An exterior view of building BV100, during a tour of Google's new Bay View Campus in Mountain View, California, U.S. May 16, 2022. Picture taken May 16, 2022.
Alphabet's Google LLC won a jury trial on Tuesday in a long-running patent lawsuit in Delaware federal court over features in Google's smartphones and apps.
The jury decided that Luxembourg-based patent owner Arendi SARL's patent was invalid and that Google did not infringe it, according to the verdict made public on Wednesday.

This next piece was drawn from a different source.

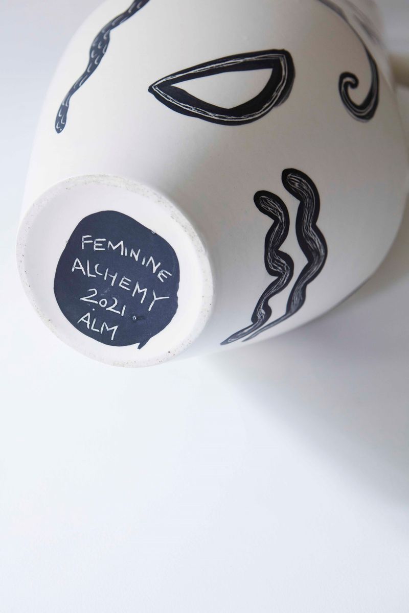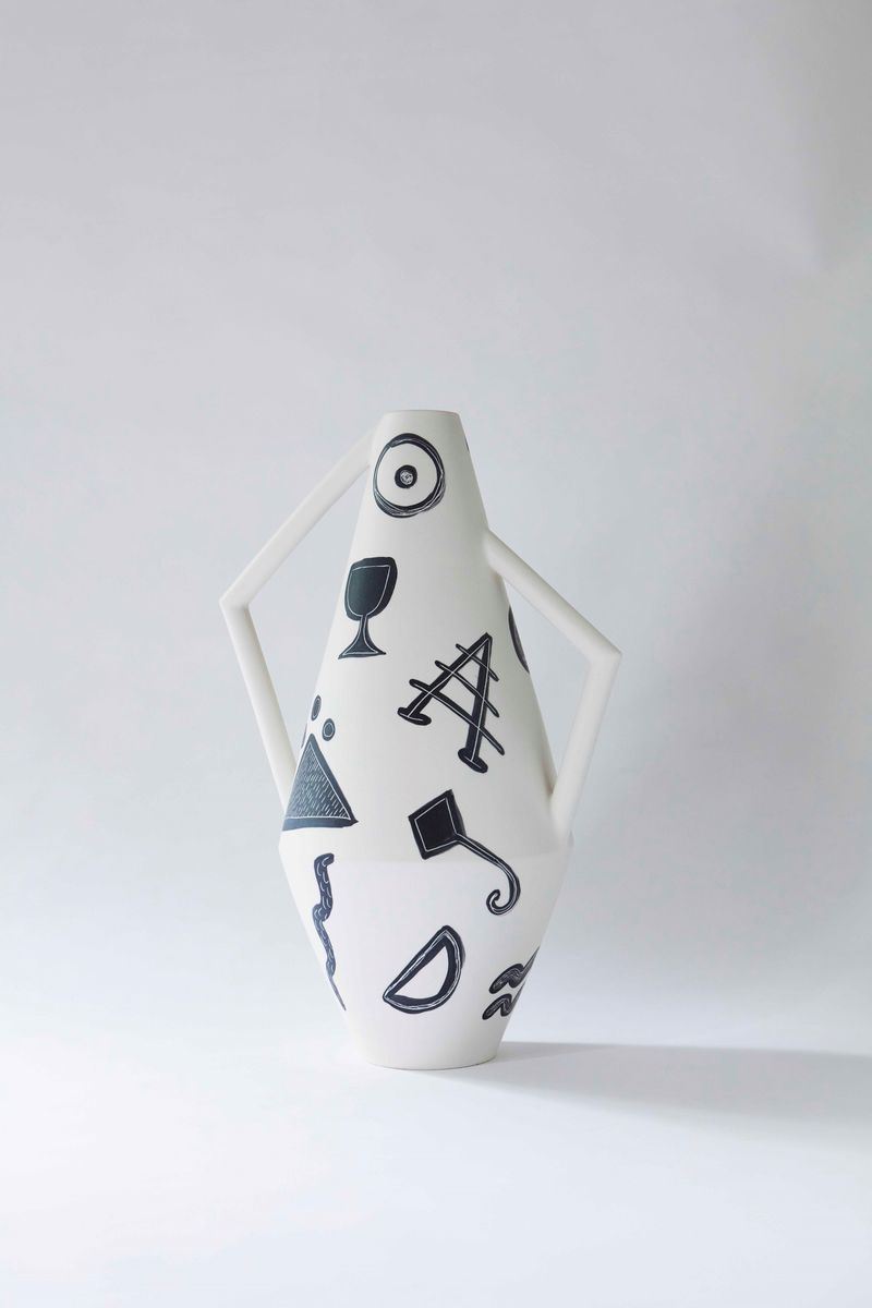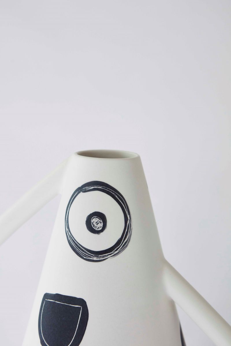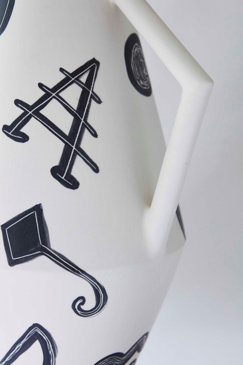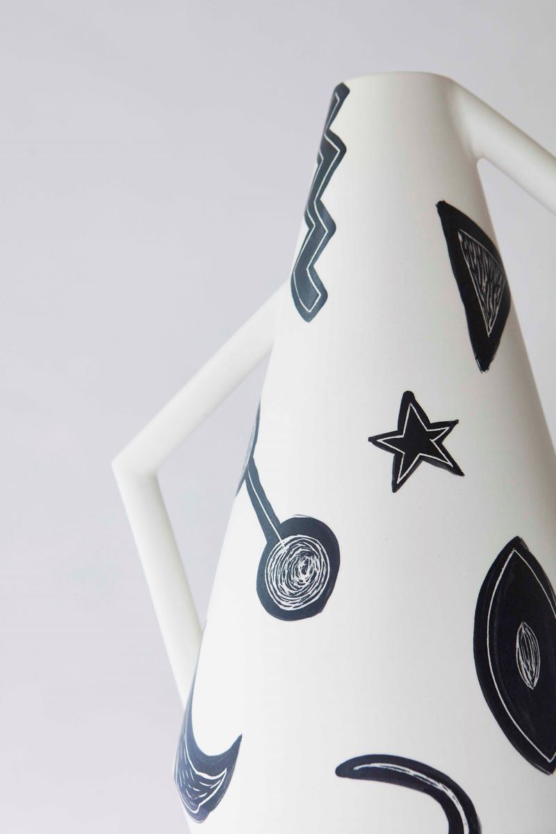 The Kora vase was inspired by the Greek korae, which are the statues rapresenting maidens in the act of sustain the tympanum of the Erechtheion temple in Athens. These vases have asymmetric handles and accentuated angles that remind the peaceful and harmonious pose of the ancient Greek statues. Limited edition of 2 in matte ceramic, hand-painted by Arianna Lelli Mami.

Attorneys for Arendi did not immediately respond to a request for comment. Google spokesperson José Castañeda said the company was pleased with the decision and appreciated the jury's "careful attention to the extensive evidence presented in this case."
Norwegian inventor Atle Hedloy's Arendi sued Google in 2013 over the patent, which relates to retrieving information like names and addresses from a database and entering it into word processors and spreadsheets.
Arendi alleged that Google's mobile devices and apps including Gmail, Chrome, Docs and Messages infringed. It asked the court for $45.5 million in damages, according to a spokesperson for Google's law firm Paul Hastings.
The jury determined that Google did not infringe Arendi's patent and agreed with Google's argument that the patent was invalid based on earlier publications that disclosed the same invention.
Arendi has also sued other tech companies including Apple Inc, Microsoft Corp and Samsung Electronics Co over related patents. Those cases have all been dismissed or resolved.